HR professionals can be “the biggest block” to improving diversity and inclusion at work, a leading diversity specialist has said in a report published in People Management:
“Speaking at the Wainwright Trust annual event, Stephen Frost, head of diversity and inclusion at the London Organising Committee of the Olympic Games and Paralympic Games, said the situation was “a scandal” and called on HR to take up the challenge and lead change.
“I think it’s a scandal that HR professionals who should be the biggest agents for change in the workplace are often the biggest blockers. So I would like to get HR to focus on and lead on the issue of diversity and inclusion.
“Anybody doing diversity work will know that by necessity it is hard,” he continued. “There’s a real tension between doing the necessary creative best to encompass all the variables and people and diversity and on the other hand needing rigorous outputs including bringing about change. This tension has to be managed and I don’t think HR and diversity people are doing a great job of that. I’d say if you can create change you have to.”
Following a question during the debate Frost also criticised people “masquerading” as diversity heroes that are in fact maintaining the status quo.
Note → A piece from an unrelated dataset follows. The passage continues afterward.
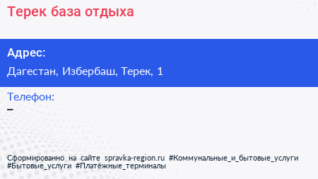 Терек, база отдыха по адресу Дагестан, Избербаш, Терек, 1 в дальнейшем Организация, размещена в следующих категориях:

He said he always judged people on what they had achieved in their organisations rather than by their public pronouncements.
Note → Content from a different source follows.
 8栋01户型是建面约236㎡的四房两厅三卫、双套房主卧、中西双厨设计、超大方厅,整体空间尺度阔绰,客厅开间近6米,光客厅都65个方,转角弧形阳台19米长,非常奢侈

Frost also highlighted the Paralympics as a key opportunity to engage people in the conversation about inclusion at work as “disabled people are still massively under employed,” he said.
We have also said this earlier in our forthright article in Personnel Today – the CIPD needs to give genuine leadership and direction in this area, and is failing to do so at present. HR is the critical profession in this country if we are to improve diversity in the workplace, and there should be pressure from the government and the private sector to persuade it to change and put positive skills and resources around the training and innovation in this area. The leaders should do so through direct example, and strategic focus and resource allocation.
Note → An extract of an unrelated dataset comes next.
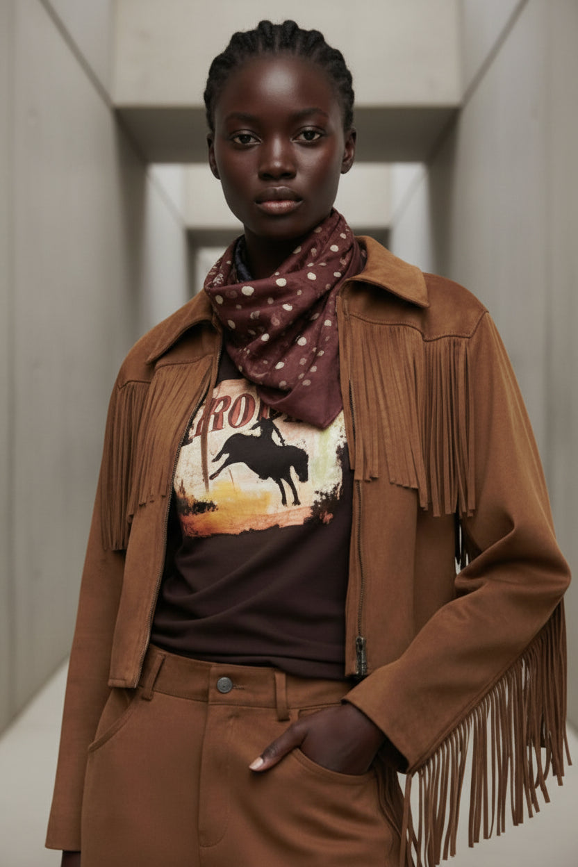 הג׳קט suede franze הוא פריט איקוני שמשלב בין וייב בוהמייני לאורבניות עדכנית.

Here are some practical tips of how this can be achieved:
- There should be CIPD Board members and executives who come from minority backgrounds such as ethnicity and disability - there is too much focus on gender at present and too little on other minorities
- A special task force should be set up to provide strategic leadership and guidance in this area
- The course curriculum and training provision should be revised to ensure diversity principles are fully embedded and topics like cultural intelligence and faith included
- Ethnic and disabled members of the CIPD should be pro-actively engaged and consulted on the diversity strategy
These tips would certainly set them moving in the right direction.